Records from a collection
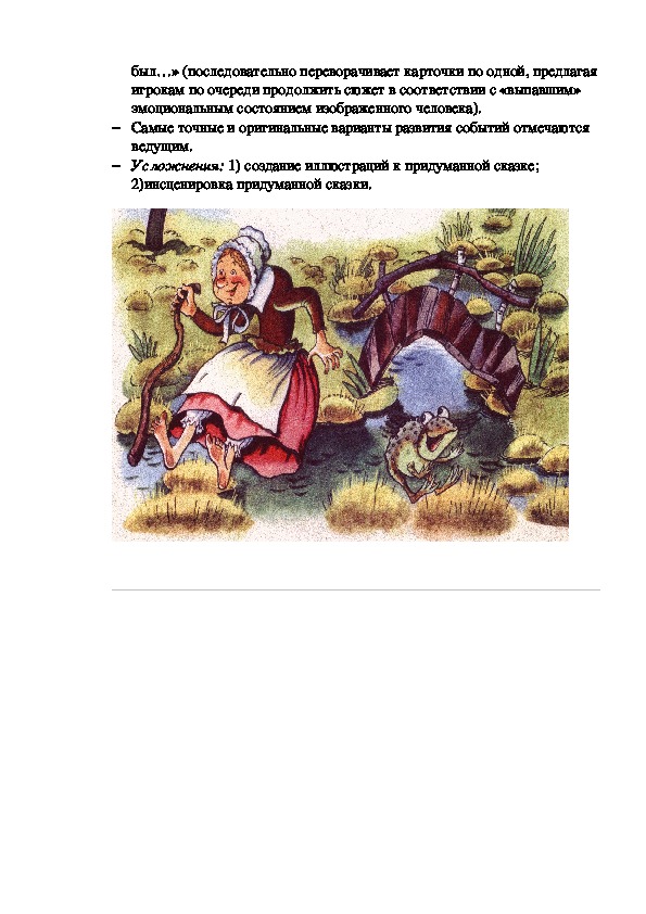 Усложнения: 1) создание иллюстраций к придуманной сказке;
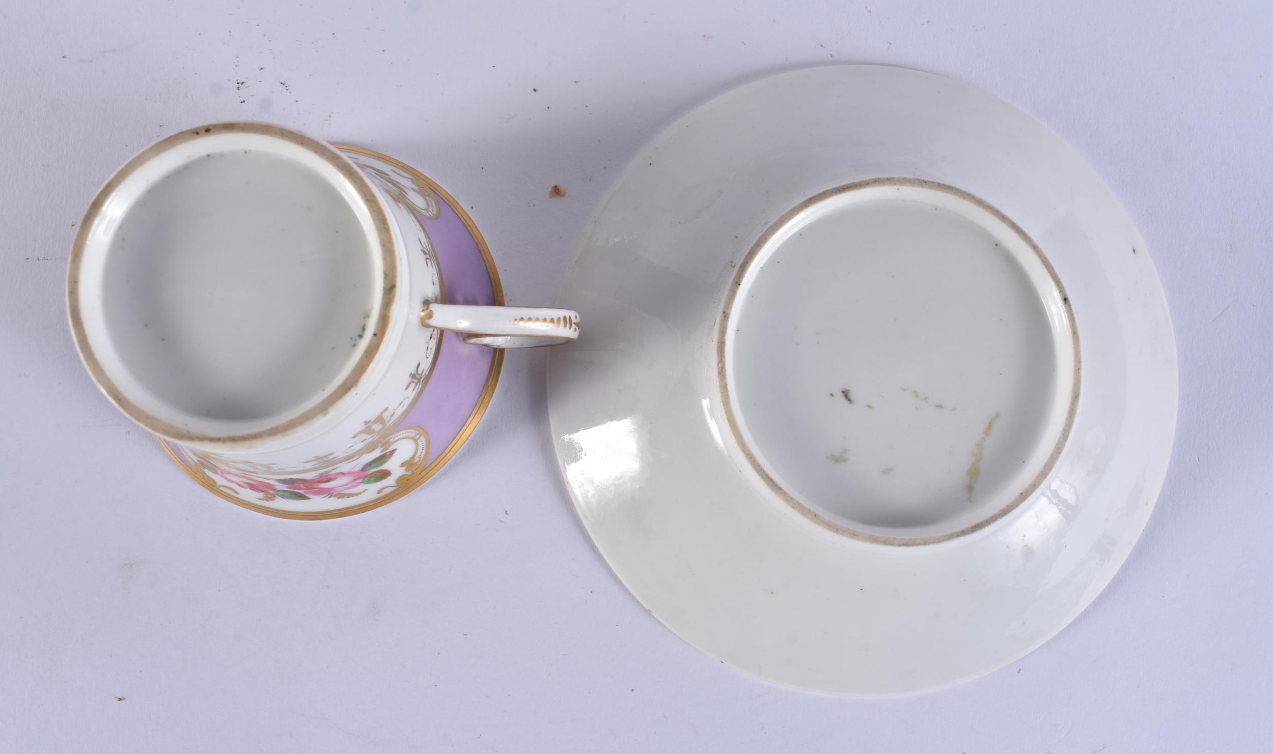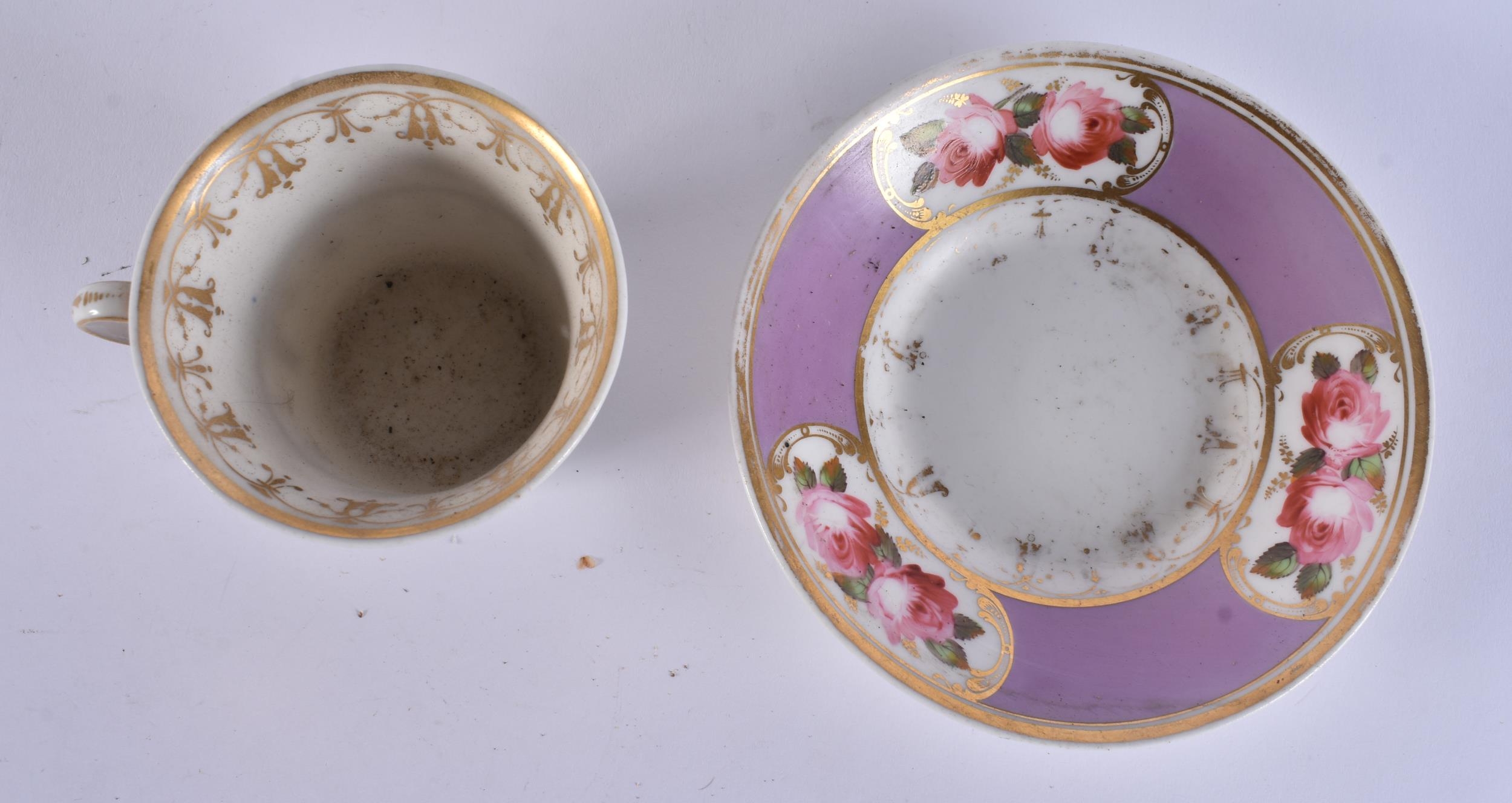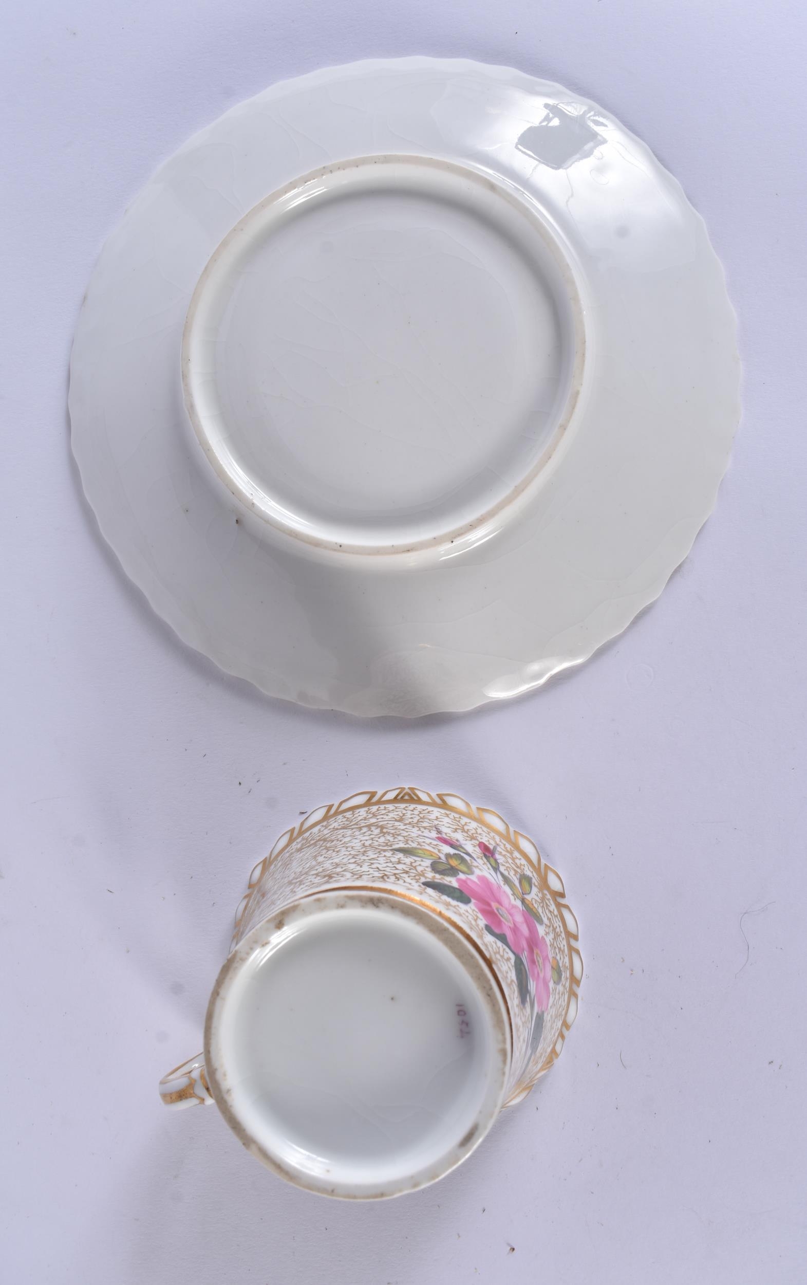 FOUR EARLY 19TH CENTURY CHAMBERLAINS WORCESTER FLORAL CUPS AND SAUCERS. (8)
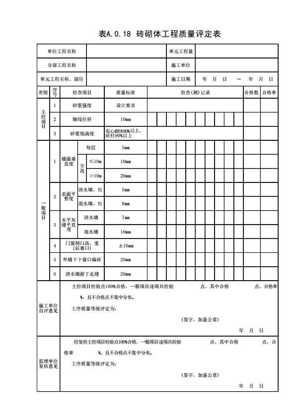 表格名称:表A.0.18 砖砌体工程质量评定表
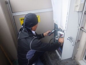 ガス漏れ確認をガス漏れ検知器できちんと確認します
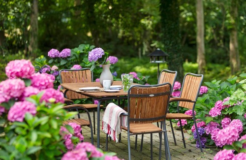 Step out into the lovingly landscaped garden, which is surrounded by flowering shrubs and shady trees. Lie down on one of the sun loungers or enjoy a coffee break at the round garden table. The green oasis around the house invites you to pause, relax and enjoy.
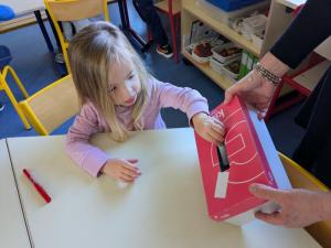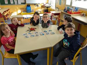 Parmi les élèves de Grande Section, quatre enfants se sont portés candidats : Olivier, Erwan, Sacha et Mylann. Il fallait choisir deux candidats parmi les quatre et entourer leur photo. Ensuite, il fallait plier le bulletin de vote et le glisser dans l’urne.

▸ TASK ITEM
Each line above must be repeated exactly in the answer, with pictures omitted.

▸ EXERCISE RESPONSE
 Усложнения: 1) создание иллюстраций к придуманной сказке;
 FOUR EARLY 19TH CENTURY CHAMBERLAINS WORCESTER FLORAL CUPS AND SAUCERS. (8)
 表格名称:表A.0.18 砖砌体工程质量评定表
 ガス漏れ確認をガス漏れ検知器できちんと確認します
 Step out into the lovingly landscaped garden, which is surrounded by flowering shrubs and shady trees. Lie down on one of the sun loungers or enjoy a coffee break at the round garden table. The green oasis around the house invites you to pause, relax and enjoy.
 Parmi les élèves de Grande Section, quatre enfants se sont portés candidats : Olivier, Erwan, Sacha et Mylann. Il fallait choisir deux candidats parmi les quatre et entourer leur photo. Ensuite, il fallait plier le bulletin de vote et le glisser dans l’urne.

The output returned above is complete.